Release Date: September 14, 2010
Series: Crank #3
Age Group: Young Adult
Received From: Publisher
My Rating: 5 Stars
Hunter, Autumn, and Summer—three of Kristina Snow’s five children—live in different homes, with different guardians and different last names. They…more Hunter, Autumn, and Summer—three of Kristina Snow’s five children—live in different homes, with different guardians and different last names. They share only a predisposition for addiction and a host of troubled feelings toward the mother who barely knows them, a mother who has been riding with the monster, crank, for twenty years. Hunter is nineteen, angry, getting by in college with a job at a radio station, a girlfriend he loves in the only way he knows how, and the occasional party. He’s struggling to understand why his mother left him, when he unexpectedly meets his rapist father, and things get even more complicated. Autumn lives with her single aunt and alcoholic grandfather. When her aunt gets married, and the only family she’s ever known crumbles, Autumn’s compulsive habits lead her to drink. And the consequences of her decisions suggest that there’s more of Kristina in her than she’d like to believe. Summer doesn’t know about Hunter, Autumn, or their two youngest brothers, Donald and David. To her, family is only abuse at the hands of her father’s girlfriends and a slew of foster parents. Doubt and loneliness overwhelm her, and she, too, teeters on the edge of her mother’s notorious legacy. As each searches for real love and true family, they find themselves pulled toward the one person who links them together—Kristina, Bree, mother, addict. But it is in each other, and in themselves, that they find the trust, the courage, the hope to break the cycle.
Told in three voices and punctuated by news articles chronicling the family’s story, FALLOUT is the stunning conclusion to the trilogy begun by CRANK and GLASS, and a testament to the harsh reality that addiction is never just one person’s problem.
I’m notorious for not reading blurbs to sequels. What’s the point, because you already know you like the series! But sometimes this means I get surprises. Like with Fallout by Ellen Hopkins. At first I thought ‘WHERE’S KRISTINA!!?’ But after thinking about it I realized the genius behind the decision to make the book from Kristina’s children’s point of view. We all know that Kristina isn’t going to get better. Not for a long time. So, Ellen Hopkins takes a big leap with this one and makes it 20 years after Glass. It worked flawlessly.

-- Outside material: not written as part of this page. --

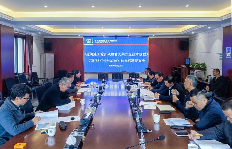 10月28日,公司技術(shù)中心組織召開(kāi)了由公司與北京捷安建筑腳手架有限公司主編的《建筑施工輪扣式鋼管支架安全技術(shù)規程》DBJ53/T-76-2016地方標準復審會(huì )議。復審人員由復審專(zhuān)家、省住建廳標準管理部門(mén)人員、標準主要編制人員組成,公司董事長(cháng)王楷銀出席會(huì )議。

These books never cease to amaze and horrify me. Since the main voices in this book weren’t hopeless drug addicts it wasn’t as horrifying. At least not from that angle. In Fallout we get a glimpse of the after effects. We see how Kristina’s addiction affects everyone in her life and some people that will never even know her. Hunter, Autumn and Summer’s voices come through so loud and clear. They have to deal with so many things, not having a mother, a predisposition to addiction, and all the regular teenage issues.
Ellen Hopkins verse is as beautiful as always. This is the third book I have read by her now, and I’m still in awe of her talent. I don’t know that I will ever be able to read another authors verse without comparing it to Ellen’s. And I have found anyone else that stacks up yet.
Overall, this was a great conclusion to the Crank trilogy. Most everything was wrapped up nicely or as nicely as you can expect from such a heartbreaking story. If you haven’t read these books yet, I suggest you do so and soon!